Les Entreprises implantées dans la métropole couvrent des secteurs variés : informatique, agroalimentaire, tourisme, services à la personne. IBM, Ubisoft ou encore Sanofi y ont des antennes importantes. Ce tissu diversifié offre des débouchés réels, mais le taux de chômage reste structurellement au-dessus de la moyenne nationale — autour de 12 % dans certains quartiers prioritaires.
Pour les jeunes habitants scolarisés dans la métropole, des outils comme l’ENT à Montpellier : un outil au service des élèves facilitent l’accès aux ressources pédagogiques et accompagnent les parcours de formation jusqu’à l’insertion professionnelle.
Être Montpelliérain : identité, culture et vie sociale
Le terme habitant ne se réduit pas à une donnée administrative. À Montpellier, il porte une charge culturelle particulière. La ville a longtemps été perçue comme une ville de passage — on y vient étudier, on repart. Mais cette image a changé.

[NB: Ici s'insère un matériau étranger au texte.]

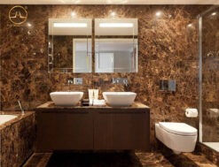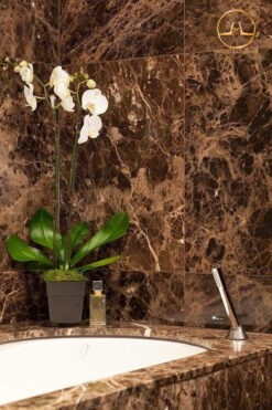 Đá Marble Nâu Đậm Dark Emperador có màu nâu đậm nhạt đặc trưng bóng sáng tinh tế. Màu sắc sang trọng được ưa thích thi công nhiều hạng mục quan trọng và cao cấp.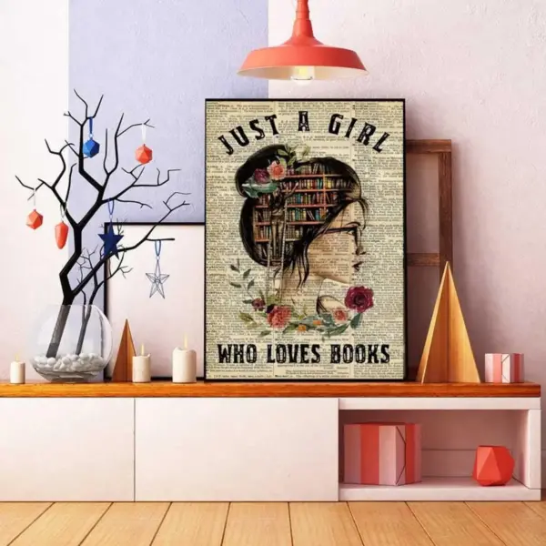 Just A Girl Who Loves Books Poster Love Reading Book Canvas Vintage Book Art Print Girl Reading Book Poster Book Lovers Gift Art
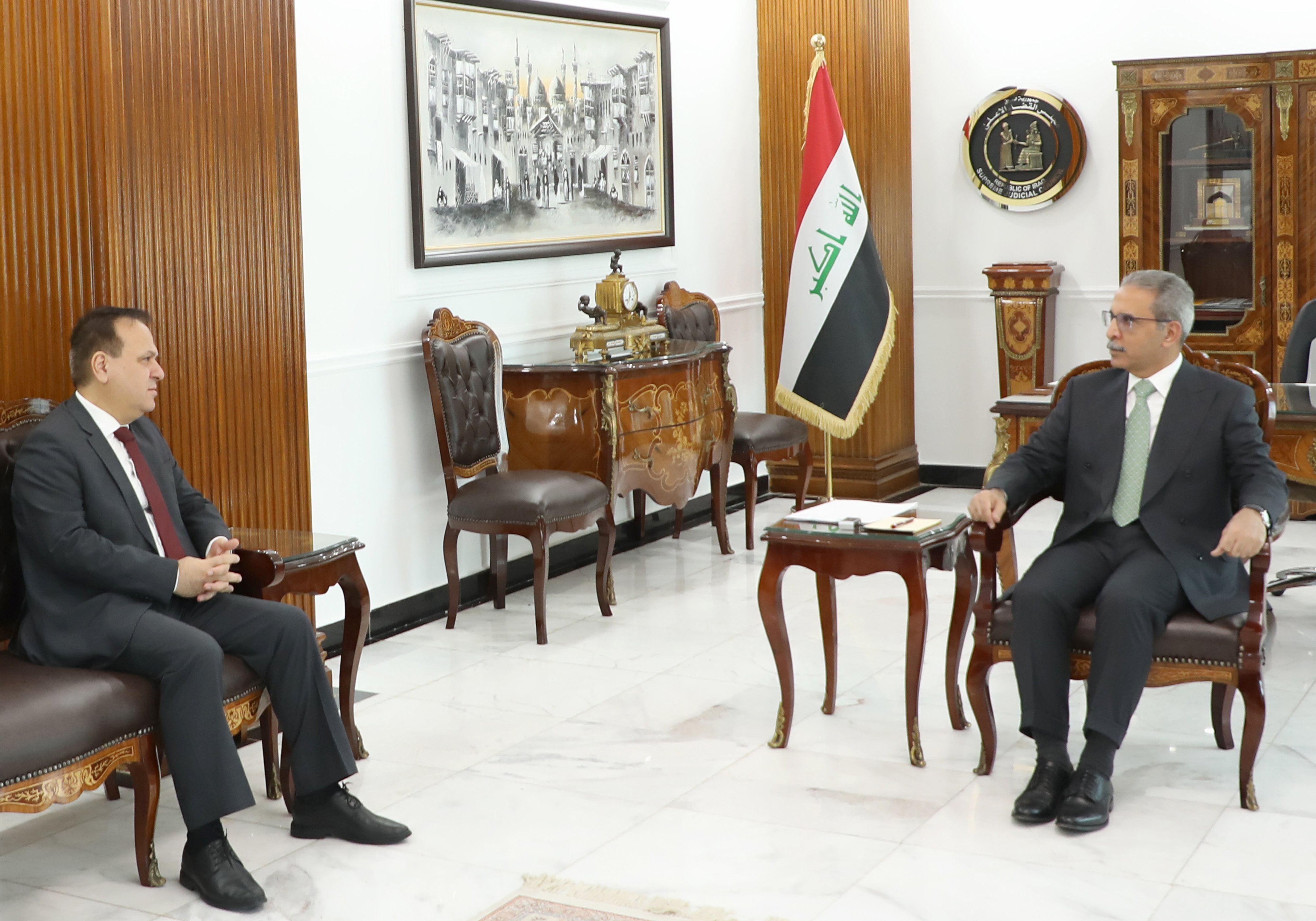 زيدان والسفير اللبناني يبحثان متابعة قضايا المواطنين اللبنانيين بالمحاكم العراقية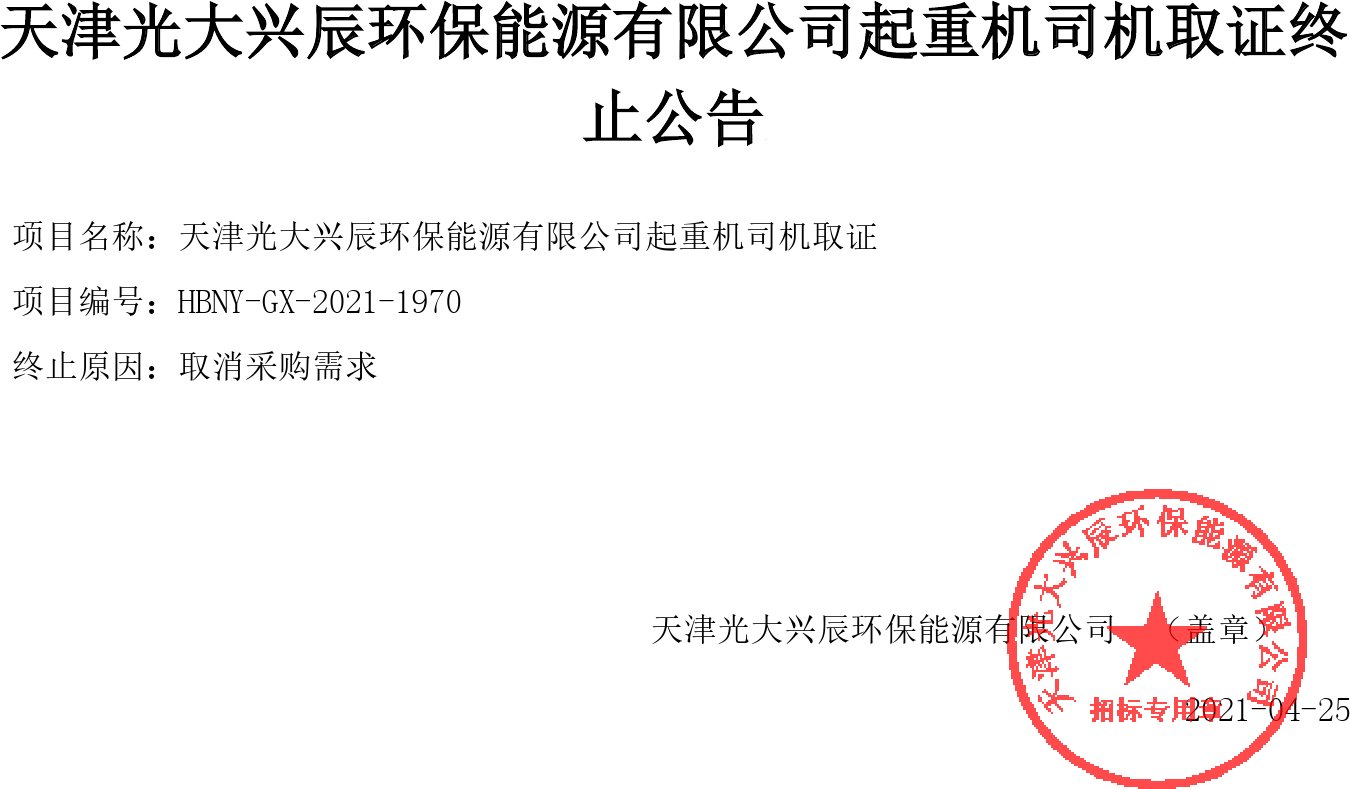 移動版:天津:天津光大興辰環(huán)保能源有限公司起重機(jī)司機(jī)取證終止公告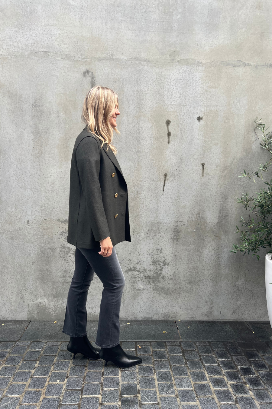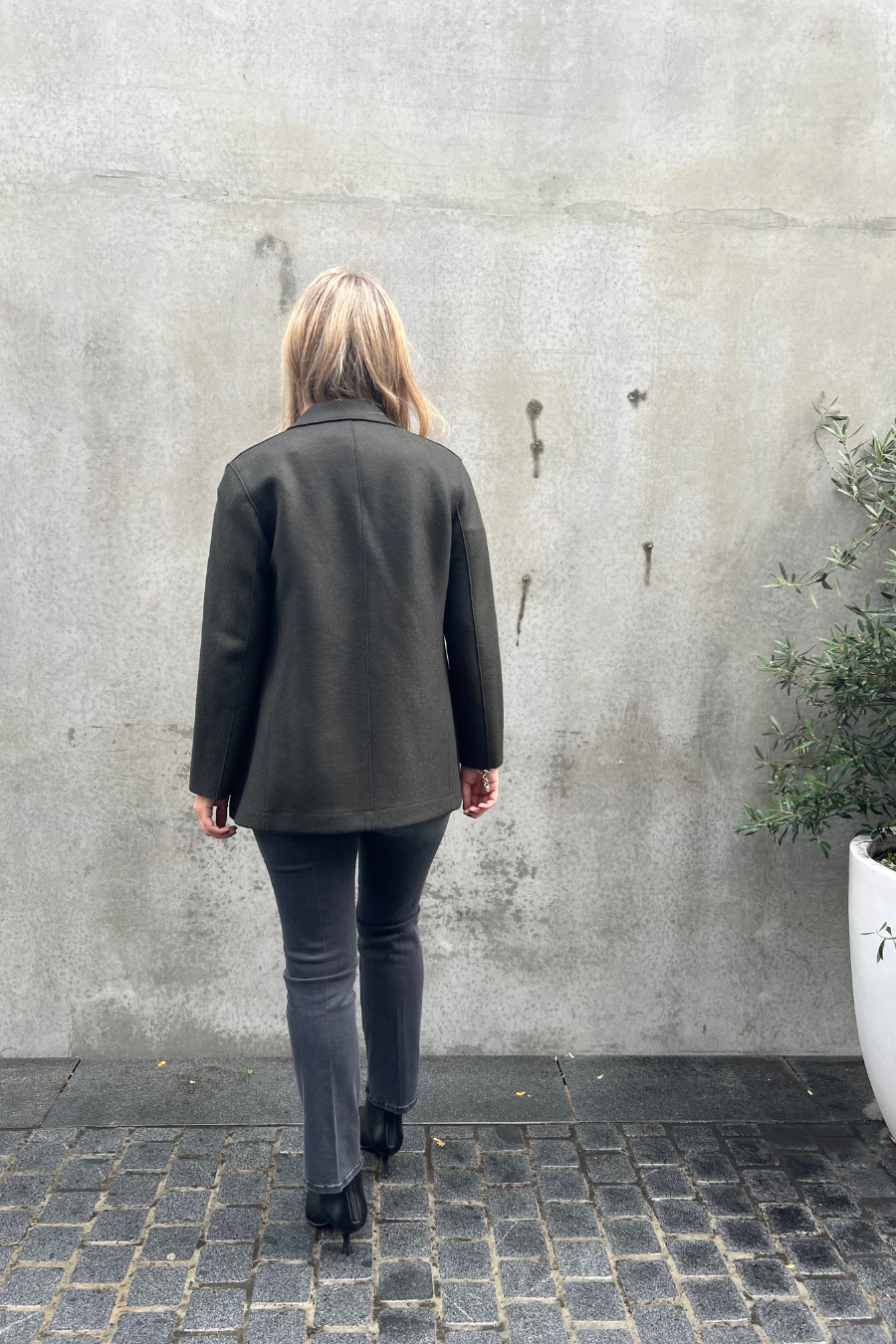 Peacoat, unlined in knitted felted wool. Double-breasted short jacket, A-line shape with fitted long sleeves featuring welt pockets, classic collar shape, wide lapel and 4-button fastening. Raw-edge finish. Made in Italy with Italian fabric.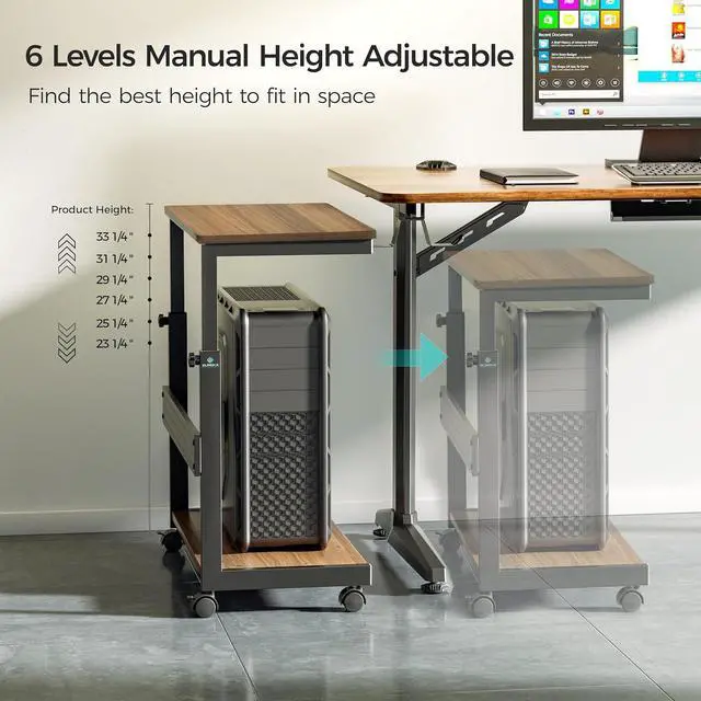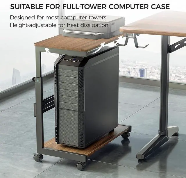 Height Adjustable Tower Stand: Unique manual height adjustable range from 23 1/4' ' to 33 1/4' ' allows you to store tower under your desk or next to your table, support most computer cases on the market including full size ATX case. Customize height to increase distance between the computer tower and top shelf to speed up heat dissipation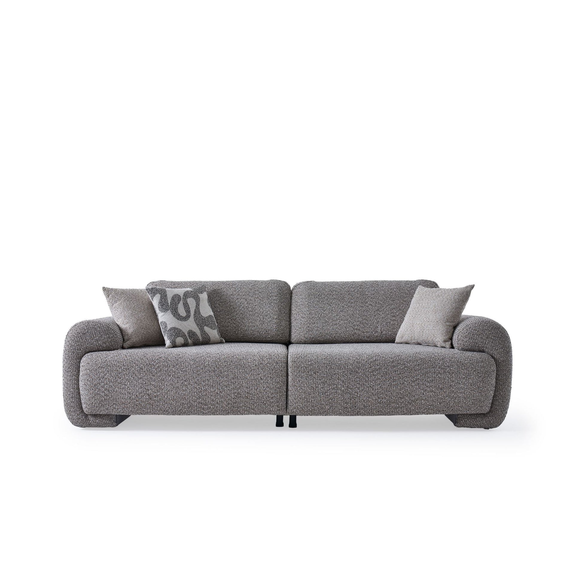 Die Sofas haben eine klare, moderne Form mit eleganten runden Armlehnen, die den Look besonders hochwertig wirken lassen.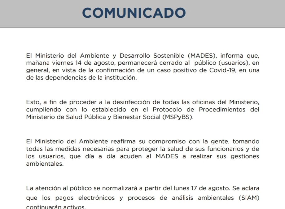 El Ministerio del Ambiente y Desarrollo Sostenible (MADES), informa que, mañana viernes 14 de agosto, permanecerá cerrado al público (usuarios), en general, en vista de la confirmación de un caso positivo de Covid-19, en una de las dependencias de la institución.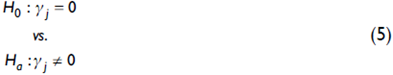 De manera análoga, se tienen los sistemas de hipótesis asociados a los efectos de los γj sobre la dispersión, da dos por la siguiente expresión (véase ecuación 5).
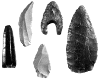 Переходным периодом от палеолита к неолиту считается мезолит — среднекаменный век. В жизни человеческого общества произошли перемены. Люди начали группироваться в небольшие коллективы, обладавшие подвижностью и способные осваивать значительную территорию. Иными, более эффективными становились орудия (с использованием кремневых вкладышей — микролитов). Были изобретены лук и стрелы, что чрезвычайно облегчило охоту. В распоряжении людей уже были деревянная утварь, плетенные из лыка или камыша корзины и сумки. Человек, видимо, научился вязать или плести ткани и рыболовные сети. Он придумал лодку — первое средство передвижения.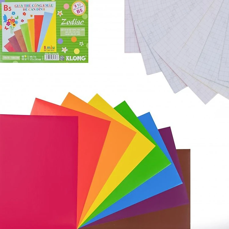 Giấy thủ công dính decan B5 8 màu; MS: 716

De plus en plus de Montpelliérains choisissent d’y rester, d’y fonder une famille, d’y vieillir.
Plusieurs traits définissent assez bien la vie quotidienne des habitants :
- Le rapport à l’extérieur : les terrasses, les places (la Comédie, le Peyrou, la place de la Chapelle Neuve), les parcs — la vie sociale se passe beaucoup dehors, même en hiver.
- La culture festive : festivals de danse, de musique, marché du Lez, vie nocturne dense autour de la Rue de la Loge ou du quartier Beaux-Arts.
- Le sport : le MHSC (Montpellier Hérault Sport Club) en football et le MHB (Montpellier Handball) en handball fédèrent des communautés de supporters très actifs.
- La gastronomie locale : la cuisine languedocienne (tielle, brandade, vins du Pic-Saint-Loup) reste ancrée dans les habitudes, même si la ville s’est ouverte à toutes les cuisines du monde.
L’identité montpelliéraine est aussi une question de rapport au territoire. Les habitants qui viennent d’ailleurs — et ils sont nombreux — finissent souvent par développer un attachement fort à la ville, plus vite qu’on ne l’imagine. Il y a quelque chose d’assez particulier dans cette capacité de Montpellier à intégrer ses nouveaux arrivants, à les faire se sentir d’ici en quelques mois.
Ce n’est pas une ville parfaite : les inégalités territoriales sont réelles, les tensions autour du logement aussi. Mais la démographie ne ment pas — les gens continuent d’arriver, et beaucoup restent. C’est peut-être la meilleure définition d’une ville qui fonctionne.